EXERCISE INSTRUCTIONS -> Write out the entire listing below exactly as it appears, minus any pictures.

### DATA FOR PROCESSING ###

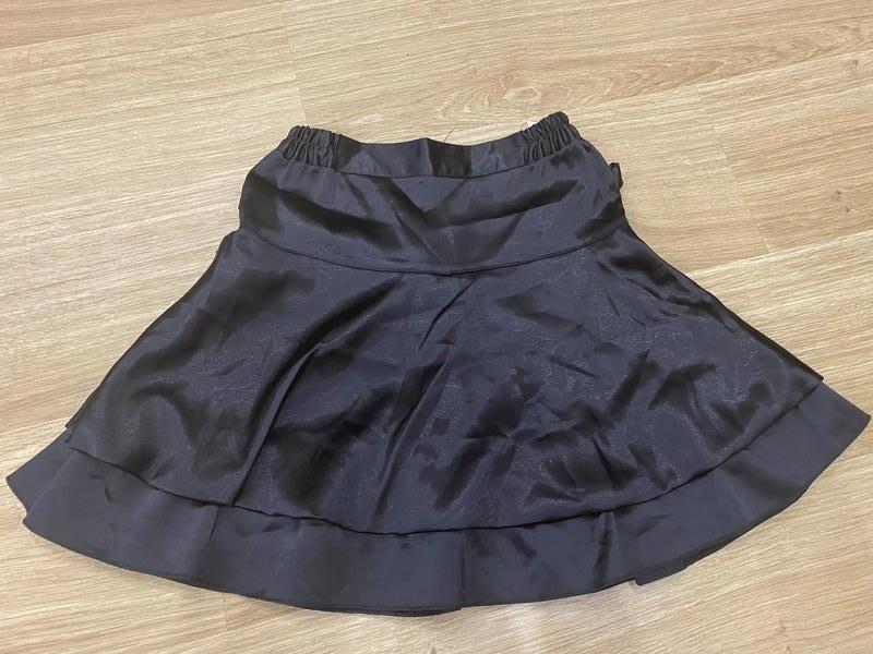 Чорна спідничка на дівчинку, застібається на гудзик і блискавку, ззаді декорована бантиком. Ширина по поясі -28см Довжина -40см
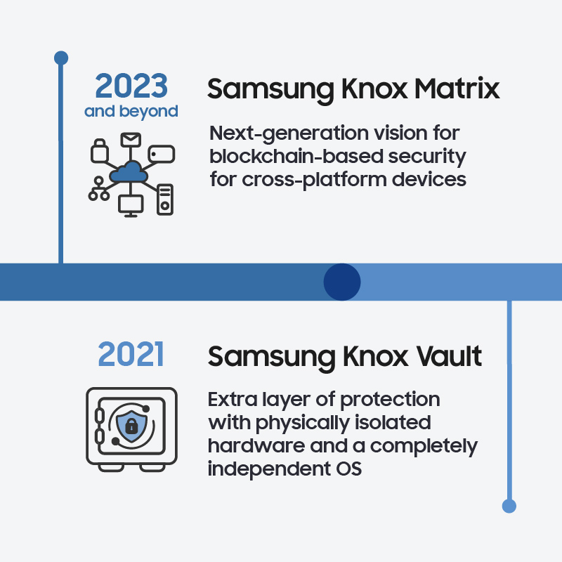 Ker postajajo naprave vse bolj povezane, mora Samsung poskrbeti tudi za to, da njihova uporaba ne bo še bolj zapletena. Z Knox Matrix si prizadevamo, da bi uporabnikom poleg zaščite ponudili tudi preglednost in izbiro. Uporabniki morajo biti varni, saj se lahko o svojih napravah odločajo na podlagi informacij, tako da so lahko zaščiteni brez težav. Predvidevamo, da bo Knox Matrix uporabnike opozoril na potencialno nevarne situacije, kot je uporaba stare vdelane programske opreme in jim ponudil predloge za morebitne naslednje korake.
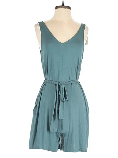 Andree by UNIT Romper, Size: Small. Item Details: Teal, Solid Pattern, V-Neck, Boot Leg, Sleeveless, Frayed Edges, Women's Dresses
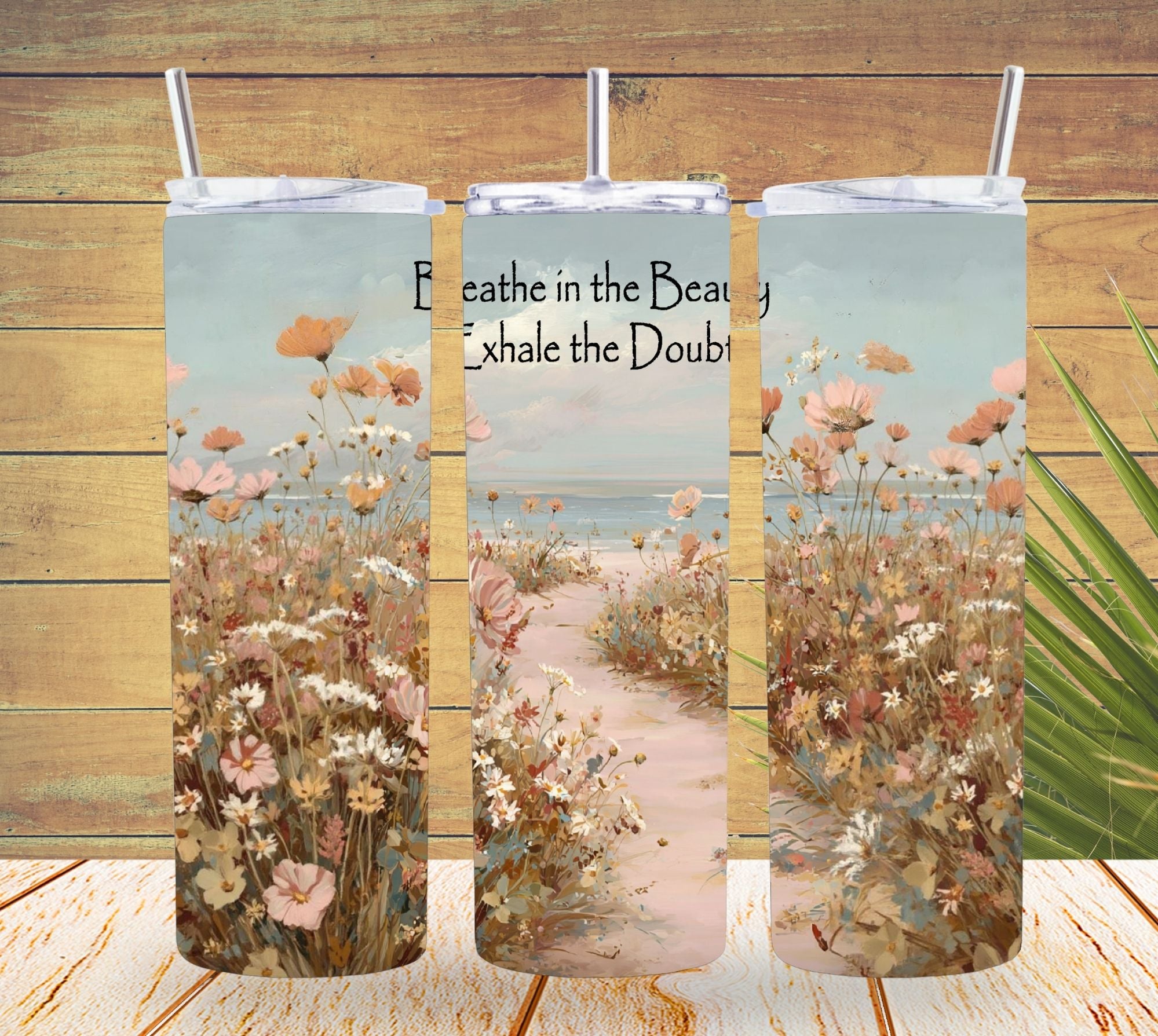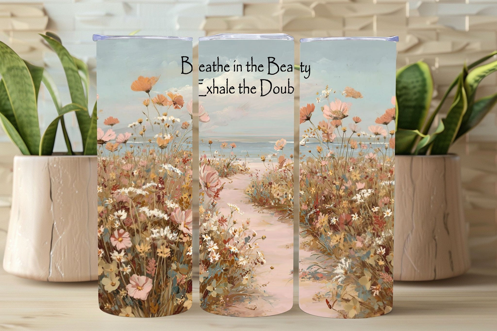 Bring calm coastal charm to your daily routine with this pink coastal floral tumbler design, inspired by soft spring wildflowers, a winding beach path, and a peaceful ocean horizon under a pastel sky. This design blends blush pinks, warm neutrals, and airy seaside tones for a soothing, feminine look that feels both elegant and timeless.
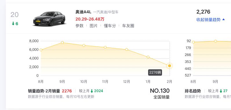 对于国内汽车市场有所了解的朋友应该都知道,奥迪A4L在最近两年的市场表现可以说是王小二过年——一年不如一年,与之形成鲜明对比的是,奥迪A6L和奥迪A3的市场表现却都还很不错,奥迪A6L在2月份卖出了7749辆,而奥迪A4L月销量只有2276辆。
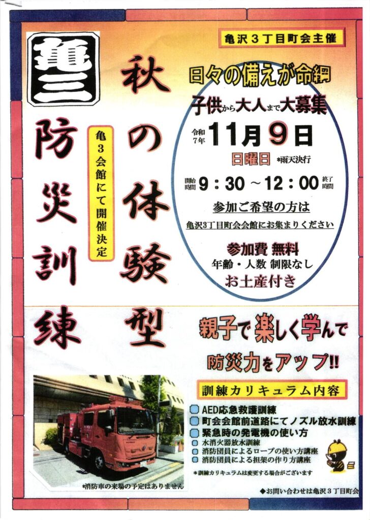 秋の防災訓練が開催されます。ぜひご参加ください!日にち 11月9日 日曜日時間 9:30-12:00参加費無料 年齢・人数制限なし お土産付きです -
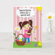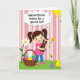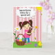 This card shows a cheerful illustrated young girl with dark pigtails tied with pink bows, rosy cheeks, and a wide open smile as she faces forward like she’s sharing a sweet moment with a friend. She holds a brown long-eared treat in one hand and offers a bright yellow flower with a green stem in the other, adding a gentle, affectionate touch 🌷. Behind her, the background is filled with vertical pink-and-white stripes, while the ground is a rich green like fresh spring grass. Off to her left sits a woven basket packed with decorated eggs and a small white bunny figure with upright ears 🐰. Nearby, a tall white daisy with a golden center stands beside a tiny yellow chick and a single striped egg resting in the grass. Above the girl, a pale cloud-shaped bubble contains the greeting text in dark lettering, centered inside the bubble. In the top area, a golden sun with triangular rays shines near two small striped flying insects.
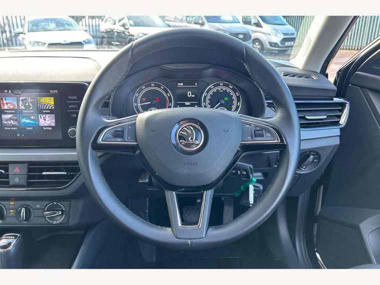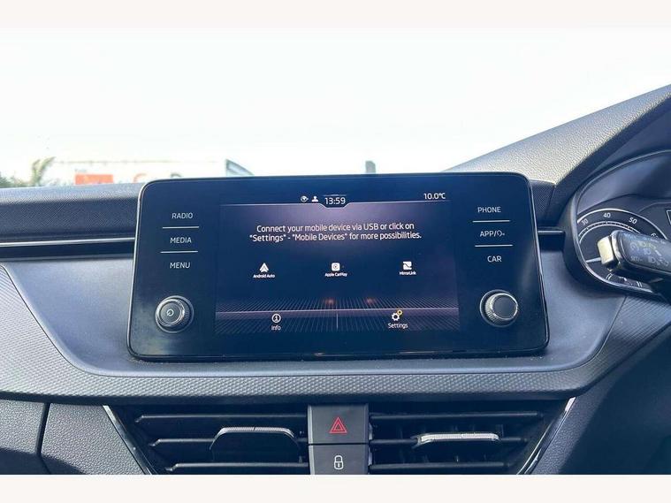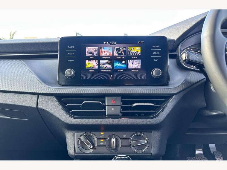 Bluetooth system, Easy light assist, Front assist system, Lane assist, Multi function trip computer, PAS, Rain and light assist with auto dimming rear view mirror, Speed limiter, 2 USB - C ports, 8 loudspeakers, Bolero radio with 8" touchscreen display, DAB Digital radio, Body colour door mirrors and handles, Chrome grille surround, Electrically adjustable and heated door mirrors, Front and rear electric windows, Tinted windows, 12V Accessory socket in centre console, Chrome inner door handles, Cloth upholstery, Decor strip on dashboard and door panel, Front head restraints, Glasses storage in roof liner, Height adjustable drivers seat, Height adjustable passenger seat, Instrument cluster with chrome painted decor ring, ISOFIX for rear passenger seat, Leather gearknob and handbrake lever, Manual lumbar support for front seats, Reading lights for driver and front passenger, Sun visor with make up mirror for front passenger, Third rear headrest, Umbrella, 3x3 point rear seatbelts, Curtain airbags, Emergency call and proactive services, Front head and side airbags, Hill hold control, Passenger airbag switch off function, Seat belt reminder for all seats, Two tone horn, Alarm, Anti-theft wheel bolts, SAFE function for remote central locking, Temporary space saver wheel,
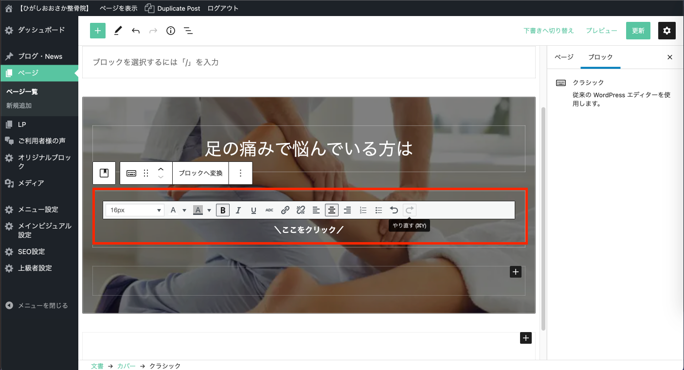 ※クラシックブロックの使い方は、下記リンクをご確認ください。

###

FINAL ANSWER ->
 Чорна спідничка на дівчинку, застібається на гудзик і блискавку, ззаді декорована бантиком. Ширина по поясі -28см Довжина -40см
 Ker postajajo naprave vse bolj povezane, mora Samsung poskrbeti tudi za to, da njihova uporaba ne bo še bolj zapletena. Z Knox Matrix si prizadevamo, da bi uporabnikom poleg zaščite ponudili tudi preglednost in izbiro. Uporabniki morajo biti varni, saj se lahko o svojih napravah odločajo na podlagi informacij, tako da so lahko zaščiteni brez težav. Predvidevamo, da bo Knox Matrix uporabnike opozoril na potencialno nevarne situacije, kot je uporaba stare vdelane programske opreme in jim ponudil predloge za morebitne naslednje korake.
 Andree by UNIT Romper, Size: Small. Item Details: Teal, Solid Pattern, V-Neck, Boot Leg, Sleeveless, Frayed Edges, Women's Dresses
 Bring calm coastal charm to your daily routine with this pink coastal floral tumbler design, inspired by soft spring wildflowers, a winding beach path, and a peaceful ocean horizon under a pastel sky. This design blends blush pinks, warm neutrals, and airy seaside tones for a soothing, feminine look that feels both elegant and timeless.
 对于国内汽车市场有所了解的朋友应该都知道,奥迪A4L在最近两年的市场表现可以说是王小二过年——一年不如一年,与之形成鲜明对比的是,奥迪A6L和奥迪A3的市场表现却都还很不错,奥迪A6L在2月份卖出了7749辆,而奥迪A4L月销量只有2276辆。
 秋の防災訓練が開催されます。ぜひご参加ください!日にち 11月9日 日曜日時間 9:30-12:00参加費無料 年齢・人数制限なし お土産付きです -
 This card shows a cheerful illustrated young girl with dark pigtails tied with pink bows, rosy cheeks, and a wide open smile as she faces forward like she’s sharing a sweet moment with a friend. She holds a brown long-eared treat in one hand and offers a bright yellow flower with a green stem in the other, adding a gentle, affectionate touch 🌷. Behind her, the background is filled with vertical pink-and-white stripes, while the ground is a rich green like fresh spring grass. Off to her left sits a woven basket packed with decorated eggs and a small white bunny figure with upright ears 🐰. Nearby, a tall white daisy with a golden center stands beside a tiny yellow chick and a single striped egg resting in the grass. Above the girl, a pale cloud-shaped bubble contains the greeting text in dark lettering, centered inside the bubble. In the top area, a golden sun with triangular rays shines near two small striped flying insects.
 Bluetooth system, Easy light assist, Front assist system, Lane assist, Multi function trip computer, PAS, Rain and light assist with auto dimming rear view mirror, Speed limiter, 2 USB - C ports, 8 loudspeakers, Bolero radio with 8" touchscreen display, DAB Digital radio, Body colour door mirrors and handles, Chrome grille surround, Electrically adjustable and heated door mirrors, Front and rear electric windows, Tinted windows, 12V Accessory socket in centre console, Chrome inner door handles, Cloth upholstery, Decor strip on dashboard and door panel, Front head restraints, Glasses storage in roof liner, Height adjustable drivers seat, Height adjustable passenger seat, Instrument cluster with chrome painted decor ring, ISOFIX for rear passenger seat, Leather gearknob and handbrake lever, Manual lumbar support for front seats, Reading lights for driver and front passenger, Sun visor with make up mirror for front passenger, Third rear headrest, Umbrella, 3x3 point rear seatbelts, Curtain airbags, Emergency call and proactive services, Front head and side airbags, Hill hold control, Passenger airbag switch off function, Seat belt reminder for all seats, Two tone horn, Alarm, Anti-theft wheel bolts, SAFE function for remote central locking, Temporary space saver wheel,
 ※クラシックブロックの使い方は、下記リンクをご確認ください。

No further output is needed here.